In stages of sustainability, exploration tends to be nominal or non-existent. Historically, this has been representative of a double-edged sword, where nominal exploration and exclusive exploitation represents full diffusion or a solution, it also is a vulnerability for parallel systems to enter and disrupt. Just like in evolutionary equilibrium, all interdependencies are defined and held in check. But as you know from complex systems, nothing sits in equilibrium for long. The only constant is change, and knowing that parallel technologies that have been opportunistic in its exploration that are sophisticating new lines of evolution, it is important to be on the right side of history if you are to be a part of it.

The need for Caloric or Capital energy in different stages of maturity in any innovation process is relative to the uniquenesses of those systems. The real question is how technological systems adapt their metabolic efficiencies of that Capital in different stages of a dynamic lifecycle to achieve different things. Technologies and ventures sometimes operate lean at earlier stages, without the need of large sums of Capital to prove minimum viable product, where other stages may need significantly larger amounts of Capital to deeply exploit an opportunity in the market. All examples represent different efficiencies at different stages that transform Calories or Capital currency into energy that allows a system to continue to Explore and Exploit. In our dedication to optimize the right environments and resources to propel the natural evolution of innovation, empathizing with the unique characteristics of each stage of maturity of that complexity is important.
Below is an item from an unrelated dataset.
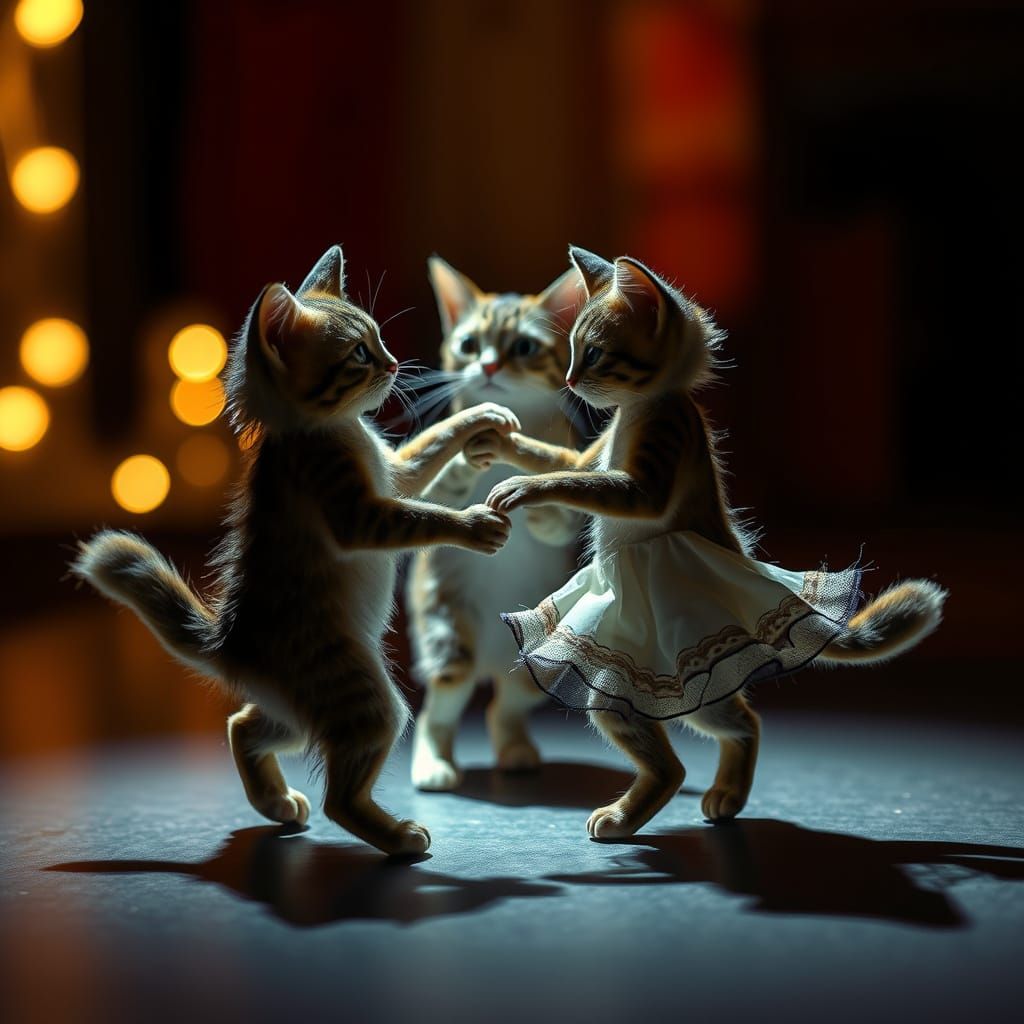 This image shows realistic kittens dancing gracefully in warm light. The artwork is a hybrid style, combining photographic textures and details with digital painting techniques.

Understanding the characteristics of Exploration and Exploitation in each unique stage of this evolving system complexity, allows us to better understand what energy (Capital or Calories) enables the right environment that can facilitate the natural evolution of innovation that inherently self-reproducing.
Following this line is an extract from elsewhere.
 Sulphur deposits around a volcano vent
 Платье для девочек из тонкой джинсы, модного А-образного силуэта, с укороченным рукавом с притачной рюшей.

Our world is made up of systems that are interconnected in a tapestry of infinite layers. It is the constant evolution of these systems that make our world so simple in their shared characteristics, and complex at the same time. Innovation occurs in systems, and we have come to learn that systems are not linear, but dynamic. When we study the dynamics of systems, whether we are talking about genetics, ecology, or even technology, we can better understand how to be facilitators of the natural propensities for those systems to emerge in order and definition. It is the through the oscillations and iterations between Exploration and Exploitation defines this order out of stochasticity and growing complexity, and there is a source of energy that enable those iterations to occur, whether it Calories in a biological system, or Capital in a technology system. If we are to be meaningful contributors to the process of innovation, we must study how our resources can create the right environment to enable the natural innovation process to occur. As participants in our own world of systems, we have come to learn that we cannot force innovation to occur, but we can play a role in shaping and molding the right environments for the probability of innovation to occur.